RSI

The Relative Strength Index (RSI) is a momentum indicator that oscillates between 0 and 100, measuring the magnitude of recent price gains against recent losses to identify overbought or oversold conditions. Developed by J. Welles Wilder Jr. in 1978, it remains one of the most widely used technical analysis tools in crypto trading.


How It Works

RSI is calculated using the average gain and average loss over a specified period (typically 14 periods — days, hours, or candles depending on the timeframe).

Calculation steps:

  1. Calculate average gain and average loss over 14 periods.
  2. Relative Strength (RS) = Average Gain / Average Loss
  3. RSI = 100 – (100 / (1 + RS))

Interpreting RSI values:

RSI Range Signal Interpretation
70-100 Overbought Asset may be overvalued; potential pullback
30-70 Neutral No strong signal
0-30 Oversold Asset may be undervalued; potential bounce

In crypto markets, some traders adjust thresholds to 80/20 due to the asset class’s higher volatility. During strong bull markets, Bitcoin’s RSI can remain above 70 for extended periods without an immediate reversal.

RSI Divergences

Some of the most actionable RSI signals come from divergences — when price and RSI move in opposite directions:

  • Bullish divergence — Price makes a lower low, but RSI makes a higher low. Suggests weakening downward momentum and a potential reversal upward.
  • Bearish divergence — Price makes a higher high, but RSI makes a lower high. Suggests weakening upward momentum and a potential reversal downward.

Divergences are leading indicators — they often precede actual price reversals by several candles, giving traders time to position.

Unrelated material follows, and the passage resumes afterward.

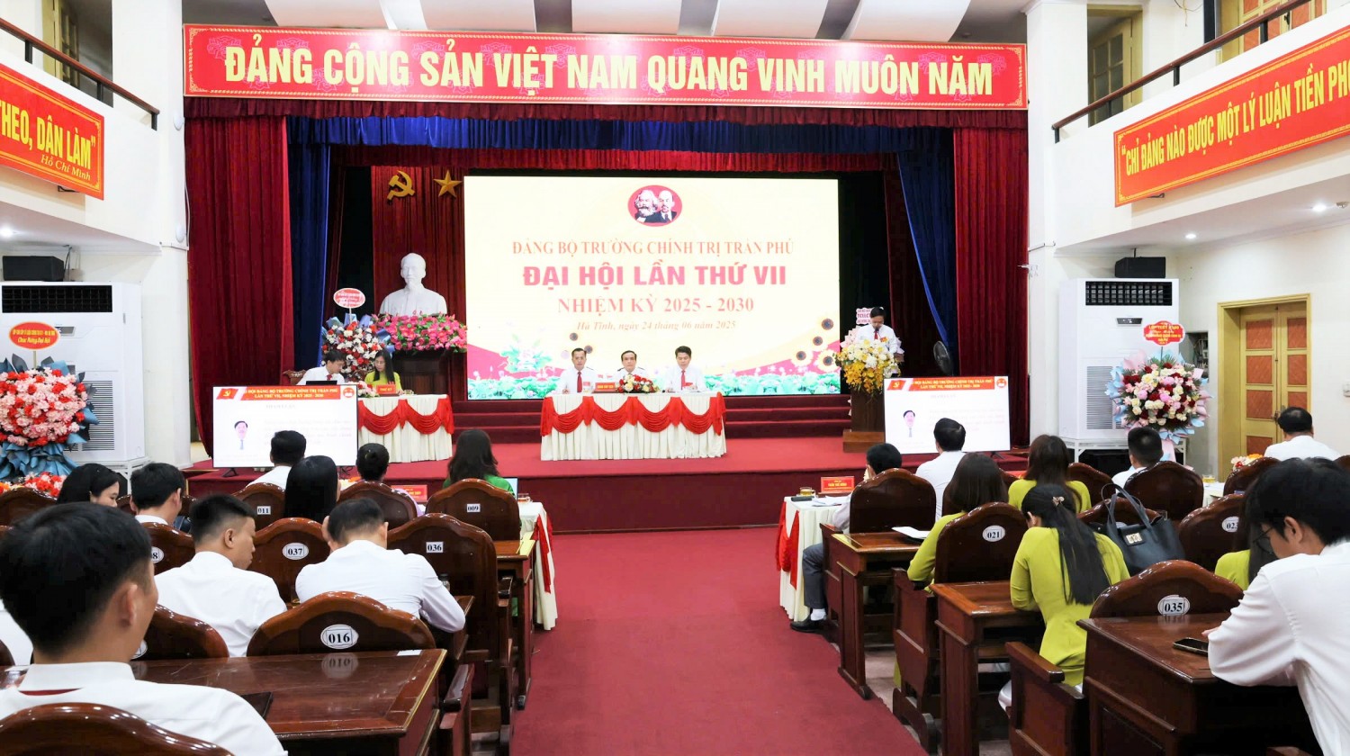 Phát biểu tại đại hội, đồng chí Trần Thế Dũng - Phó Bí thư Thường trực Tỉnh ủy, Bí thư Đảng ủy các cơ quan Đảng tỉnh nhấn mạnh trong nhiệm kỳ qua mặc dù gặp nhiều khó khăn, thách thức nhưng Đảng bộ Trường Chính trị Trần Phú đã không ngừng nổ lực, phát huy tinh thần đoàn kết, vượt qua khó khăn, tập trung lãnh đạo, chỉ đạo thực hiện thắng lợi các mục tiêu, nhiệm vụ Nghị quyết Đại hội đề ra. Nhiều nội dung đã tạo được đột phá, nâng cao uy tín và vị thế của nhà Trường trong công tác xây dựng đảng. Khẳng định vai trò quan trọng của nhà trường trong việc đào tạo, bồi dưỡng cán bộ đáp ứng nhiệm vụ chính trí trong giai đoạn mới. Đồng chí yêu cầu, Đảng bộ Trường cập nhật đầy đủ các chủ trương, đường lối của Đảng, Nhà nước về công tác xây dựng Đảng, phát triển kinh tế xã hội của tỉnh, tạo bước chuyển mạnh mẽ về chất lượng, hiệu quả hoạt động đào tạo, bồi dưỡng phù hợp với tình hình thực tiễn và yêu cầu xây dựng đội ngũ cán bộ sau khi thực hiện chủ trương sắp xếp, tinh gọn tổ chức bộ máy của hệ thống chính trị và mô hình chính quyền địa phương 2 cấp. Cùng với đó, Đảng bộ Trường Chính trị Trần Phú cần tiếp tục đổi mới phương thức lãnh đạo; phát huy trách nhiệm người đứng đầu cấp ủy; thực hiện có hiệu quả, thực chất trong học tập và làm theo tư tưởng, đạo đức, phong cách Hồ Chí Minh; tăng cường công tác kiểm tra, giám sát, giữ nghiêm kỷ luật, kỷ cương của Đảng. Đẩy mạnh các phong trào thi đua yêu nước; xây dựng cơ sở vật chất trường học, văn hoá công sở, môi trường làm việc chuyên nghiệp, dân chủ, đoàn kết, trách nhiệm cao. Ngay sau Đại hội, cần khẩn trương xây dựng, ban hành và tổ chức thực hiện tốt quy chế làm việc, chương trình công tác toàn khoá; cụ thể hoá Nghị quyết Đại hội thành chương trình hành động, kế hoạch; xác định rõ lộ trình, bước đi, nhiệm vụ trọng tâm, đột phá; phân công nhiệm vụ, gắn trách nhiệm cho từng đồng chí cấp ủy viên theo dõi, lãnh đạo, chỉ đạo để đưa Nghị quyết Đại hội phát huy hiệu quả trong thực tiễn. Trước mắt, Trường cần sớm xây dựng kế hoạch cụ thể phát động phong trào thi đua chào mừng Đại hội Đảng bộ các cấp và chào mừng kỉ niệm 80 năm thành lập Trường Chính trị Trần Phú.

RSI in Crypto vs. Traditional Markets

Crypto markets trade 24/7 with higher volatility than equities. This means:

  • RSI triggers more frequently and often more violently
  • Extended overbought/oversold readings are more common
  • Multi-timeframe RSI analysis (e.g., daily + 4-hour) is especially useful for filtering false signals
  • RSI works best in conjunction with volume, support/resistance levels, and other indicators

History

  • 1978 — J. Welles Wilder Jr. introduced RSI in his book “New Concepts in Technical Trading Systems,” originally designed for commodity markets.
  • 2017 — Bitcoin’s RSI on the monthly chart reached extreme overbought levels above 95 in December, preceding the crash from ~$20,000.
  • 2020 — RSI was widely cited during Bitcoin’s breakout above $10,000, with bullish divergences on the weekly chart foreshadowing the run to $64,000.
  • 2022 — Bitcoin’s monthly RSI hit levels below 30 for the first time since 2015 during the bear market bottom near $16,000, signaling extreme oversold conditions.

Common Misconceptions

“RSI above 70 means you should sell immediately.”

Overbought does not mean overpriced. In strong trends, assets can remain overbought for weeks or months. RSI above 70 signals momentum strength, not an automatic sell signal. Context matters.

“RSI works reliably on its own.”

No single indicator is reliable in isolation. RSI is most effective when combined with support/resistance analysis, volume confirmation, and broader market context. Professional traders rarely make decisions based on RSI alone.


Social Media Sentiment

RSI is the most frequently cited technical indicator on crypto Twitter and trading communities. “RSI is screaming oversold” and “monthly RSI divergence” are common phrases during market inflection points. Critics argue that RSI-based trading encourages dangerous “buy the dip” behavior in genuine downtrends, while proponents point to its historical accuracy at macro tops and bottoms.